The NILRR study (available at finds that, after adjusting for cost of living and total taxes, the mean weekly earnings of full-time employees in Right to Work states in 2001 was $469, compared to just $444 in non-Right to Work states.

Public Opinion Strongly Supports End to Forced Unionism

At a November 2006 reception at AFL-CIO headquarters, then-incoming House Speaker Nancy Pelosi (D-CA) presented a startling contrast to the outgoing GOP leaders who had spent the 2005-2006 Congress dodging the forced-unionism issue.

While being feted along with other Big Labor Democrat leaders, Congresswoman Pelosi gushed that AFL-CIO troops had “owned the ground” in many key campaigns and vowed to repay the union brass promptly.

“We’re going to move on ‘card check,’ because now we set the agenda and that will be part of it,” Congresswoman Pelosi declared.

By “card check,” she was colloquially referring to bills that would greatly expand Big Labor’s power to force employees to accept a union as their “exclusive” (monopoly) bargaining agent and, in turn, force even more workers to pay union dues and fees.

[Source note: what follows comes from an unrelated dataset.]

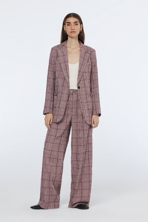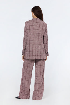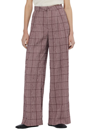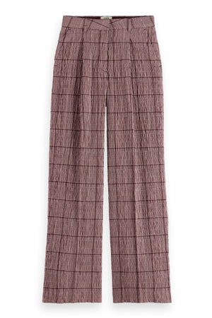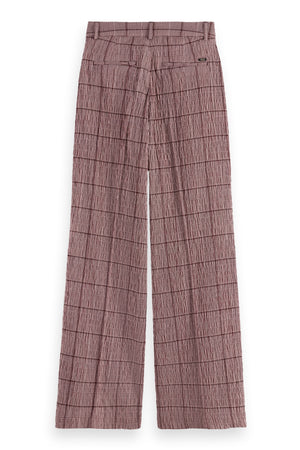 - Combining a high-rise fit with a wide-leg silhouette in classic Prince of Wales check, these breathable seersucker trousers offer comfort and style for formal occasions.

Congresswoman Pelosi’s rush to accommodate the demands of the union political operatives who were largely, if not primarily, responsible for making her Speaker, flew in the face of the public she has sworn to represent.

In a December 2006 Research 2000 nationwide poll, specifically asked whether Congress should make it easier for labor unions to acquire the power to represent all employees and deny non-union members the right to bargain for themselves, 79% of likely voters said “Not Easier.” And in the same poll, a whopping 81% responded that employees who do not want to be represented by a labor union should have the right to bargain for themselves.

For decades, national opinion polls have shown that the American people believe it is wrong to force an employee to pay union dues in order to work and feed his or her family.

A 2014 national opinion survey by Gallup showed that 71% of Americans who regularly vote in federal elections support employees’ Right to Work whether or not they choose to affiliate with a union.

Opinion surveys taken in 2006, 2004, 2001, 2000, 1997, 1995, 1993, 1984 and 1980 showed virtually identical results.

And every time Congress has voted on a forced-unionism issue, going back nearly 40 years, the result has been a gain in support for Right to Work after the next election cycle.

For example, in 1996, the Senate voted for the first time on the National Right to Work Act. Although the measure was defeated and Big Labor went on to spend an estimated half- billion dollars or more trying to buy the 1996 Elections, the end result was a net gain of five Right to Work supporters in the Senate by early 1997.

Even without a recorded vote, in stark contrast to Republicans who kowtowed to the union brass, the 98 GOP House candidates who sponsored National Right to Work legislation in 2012-2013 and sought re-election won 97% of their November 4 contests.

But recorded votes on the Right to Work Bill in 2015 or 2016 would likely prove even more effective at mobilizing freedom-loving citizens to “convert” or oust forced-unionism proponents in Congress.

The record shows that the American people want an end to federally-authorized compulsory union dues, and only Congress can do that. It’s the Congressional opponents of Right to Work who will have to explain their actions if they prevent the Right to Work Bill from coming to the floor for a vote.